А если я умру, то труп мой хищный вран
Как хочет, так и ест…
Выпучив черные глаза и надувшись, сидел старец Херасков, московский Вергилий, пригласивший к себе для чтения нового гения.
…Смерть лютый зверь – кабан…
…Могила не диван,
И лезть мне в чемодан…
Тут все московские дамы, из нежных и знающих литературу, бывавшие на вечерах у Хераскова, разом и вдруг прыснули. Чтец был счастлив. Медленно, опираясь дрожащею рукою на свою трость – посох, старый поэт поднялся в негодовании. Щеки его раскраснелись, как у дитяти. Он залпом выпил стакан холодной воды – кубок – и покинул свою залу, не только не передав своей лиры, но даже не простившись.
Назавтра старый поэт отозвался холодно о Василье Львовиче:
– В голове туман.
И прибавил неожиданно:
– И завит, как баран.
Соперничество братьев кончилось. Один был в блеске и славе, признанный поэт и московский ветреник; другой опускался, в неизвестности, и, как говорила молодежь: раб Гимена, под пантуфлею.
Два известные чудака составляли всегдашнее общество Василья Львовича: кузен Алексей Михайлович Пушкин и князь Петр Иванович Шаликов. Один был вольтерьянец и насмешник самого острого свойства, другой, с косматыми бровями, – меланхоличен, нежен и вместе вспыльчив до бешенства. Первый одевался небрежно, второй щегольски и всегда носил цветок в петлице. Оба были в высшей степени оригиналы. Втроем с Васильем Львовичем они появлялись во всех гостиных и возбуждали общее внимание.
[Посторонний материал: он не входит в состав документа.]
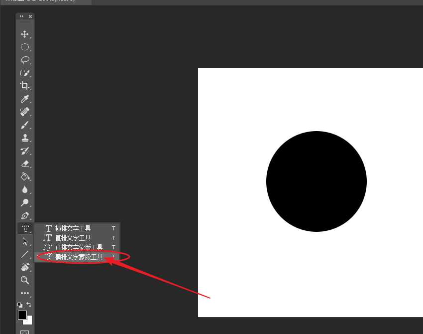 3、选择文字工具下的横排文字蒙版工具,长按鼠标左键即可弹出子级菜单!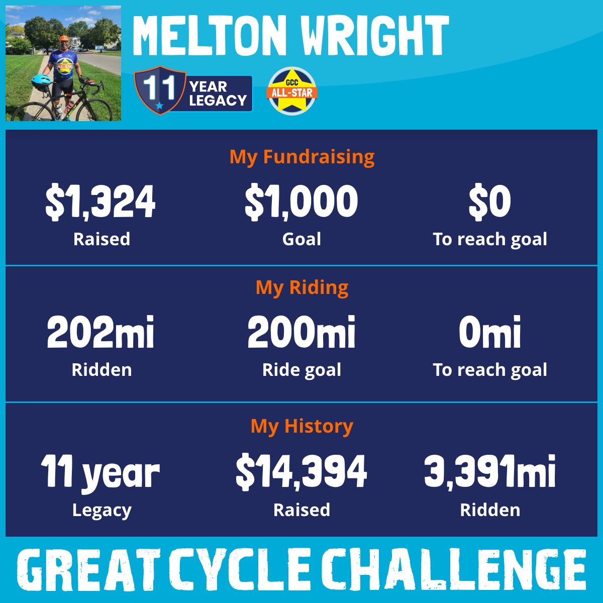 202 mi Ridden$1,324 Raised2025

В особенности сблизился Василий Львович с кузеном, подтрунивавшим над ним, они оба были как бы дуэт; их так и звали: «оба Пушкина». Сергей Львович был лишний в этом дуэте, его, если он где-либо появлялся, звали: «брат Пушкина», собственное бытие и имя Сергей Львович утратил. Он чувствовал это во всем, в том, как его осматривали в лорнет, как представляли. Он стал избегать мало-помалу «обоих Пушкиных» и норовил попасть на такой вечер или детский праздник, где их не было. Надежду Осиповну замечали, о ней шептались московские старухи, показывали на нее друг другу глазами, и Сергей Львович на минуту обретал прежнюю независимую походку. Втайне «брат Пушкина» мучительно ревновал брата к Алексею Михайловичу и завидовал братней славе. Он злобствовал и охладевал, теряя милые черты, а свет этого не прощал.
Василий Львович был очень рассеян, подобно всем московским поэтам, он догадывался последним о том, что было для всех ясно. Положение старшего брата льстило ему. Но когда Сергей Львович перестал являться в домах, где бывал ранее, он обеспокоился. Тут только он оценил выражение «раб Гименея» и почувствовал братнее падение в глазах общества. Будучи от природы косоглаз и быстр, он мало обращал до сих пор внимания на всех этих Sachka и Lolka, которые прыгали в комнатах брата. Как-то он увидел одного из них наряженным в странный костюм, изделия домашнего портного, придававший юнцу вид шута, d’un bouffon. Он рассмеялся тогда:
– Oh, c’est un franc original.[38]
Теперь он вдруг призадумался. Судьба Сергея до сих пор мало занимала его, но Пушкины должны везде быть приняты и блистать. Легкая неудача у старика Хераскова вовсе его не опечалила – ныне все были на отлете, полуфранцузы, и на мнение закоснелых старцев он чихал. Он стал чаще бывать у брата и заставил себя обратить внимание на Сашку и Лельку – ранее он путал их. Лелька, еще младенец, оказалось, обладал редкою памятью. Василий Львович прочел однажды в его присутствии один из своих экспромтов, и Лелька тотчас все повторил:
Мы, право, весело здесь время провождаем:
И день и ночь в бостон играем,
Или всегда молчим, иль ближнего ругаем…
Такую жизнь почесть, ей-богу, можно раем…
Беспримерная, быстрая память! Это обещало в будущем стихотворца. Тогда к «обоим Пушкиным» впоследствии мог прибавиться третий, юный наперсник. На Василья Львовича произвел большое впечатление мадригал, который сказал «обоим Пушкиным» один француз на балу у старухи Архаровой:
– Имя Пушкиных благоприятствует остроумию – esprit – и любви к словесности в вашей стране.
Лелька был резов, Сашка упрям и дик. Впрочем, сестрица Аннет была, кажется, слишком строга к нему. Братец Серж тоже был в детстве несносен; авось и этот образуется; в нем иногда приметен здравый смысл.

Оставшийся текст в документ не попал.